──────── SUPPLIED MATERIAL
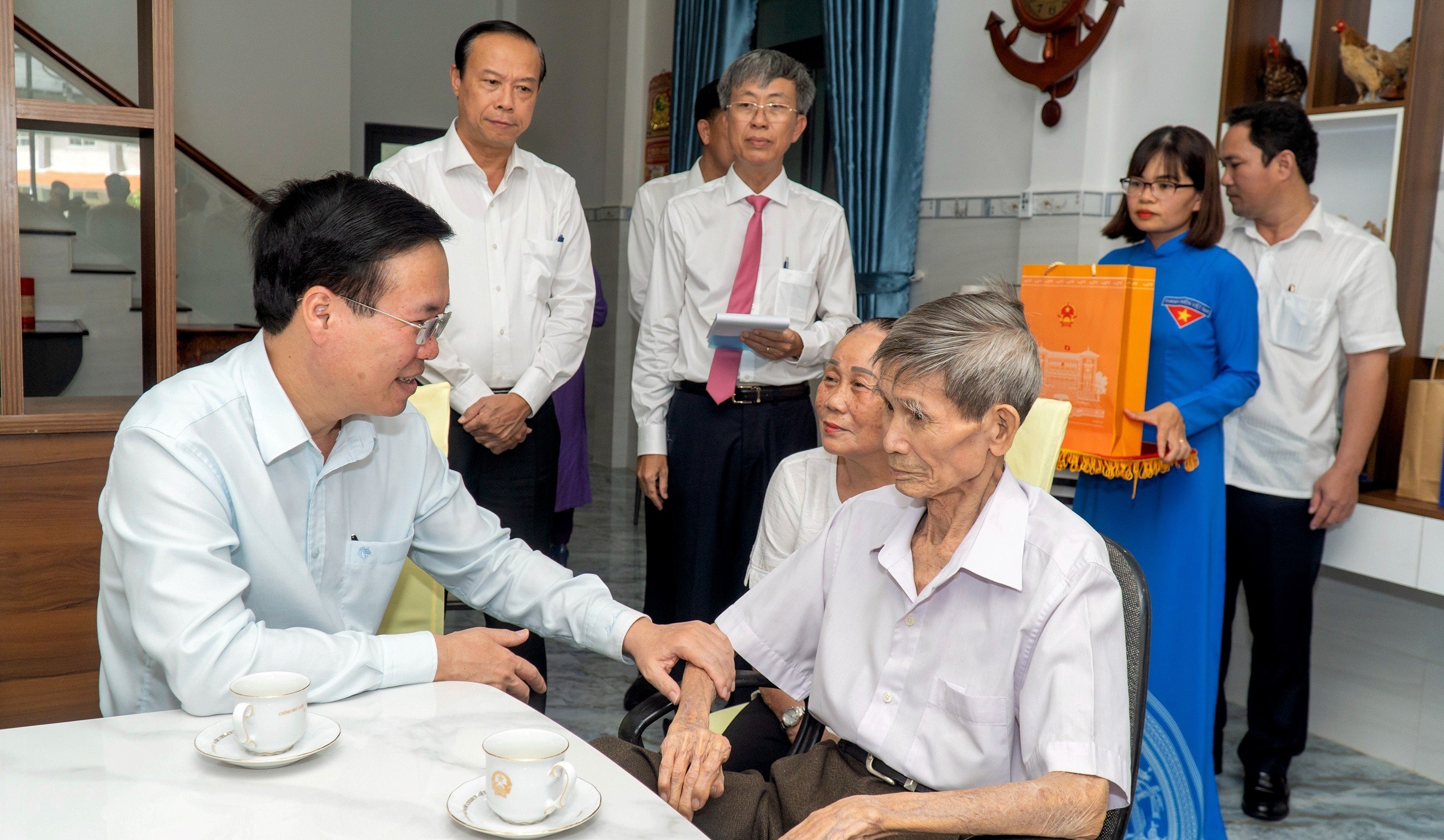 | Chủ tịch nước Võ Văn Thưởng tới thăm, động viên cựu tù chính trị Côn Đảo Nguyễn Xuân Viên nhân dịp kỷ niệm 76 năm Ngày Thương binh-Liệt sĩ. |
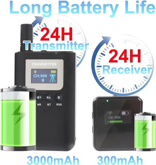 Extended Battery Life: The transmitter is equipped with a 3000mAh rechargeable battery, which can continuous use for 24 hours of use, while receivers have 300mAh battery, which can continuous use up to 24 hours of use.
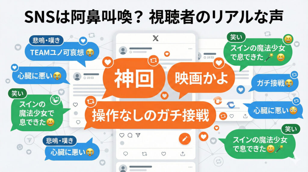 放送中から放送終了後にかけて、Xのタイムラインは阿鼻叫喚と歓喜が入り混じるカオスな状態でした。
────────────────
* [EXERCISE DESCRIPTION]
Everything in the material goes into the copy exactly, except the images.

* [WRITTEN ANSWER]
 | Chủ tịch nước Võ Văn Thưởng tới thăm, động viên cựu tù chính trị Côn Đảo Nguyễn Xuân Viên nhân dịp kỷ niệm 76 năm Ngày Thương binh-Liệt sĩ. |
 Extended Battery Life: The transmitter is equipped with a 3000mAh rechargeable battery, which can continuous use for 24 hours of use, while receivers have 300mAh battery, which can continuous use up to 24 hours of use.
 放送中から放送終了後にかけて、Xのタイムラインは阿鼻叫喚と歓喜が入り混じるカオスな状態でした。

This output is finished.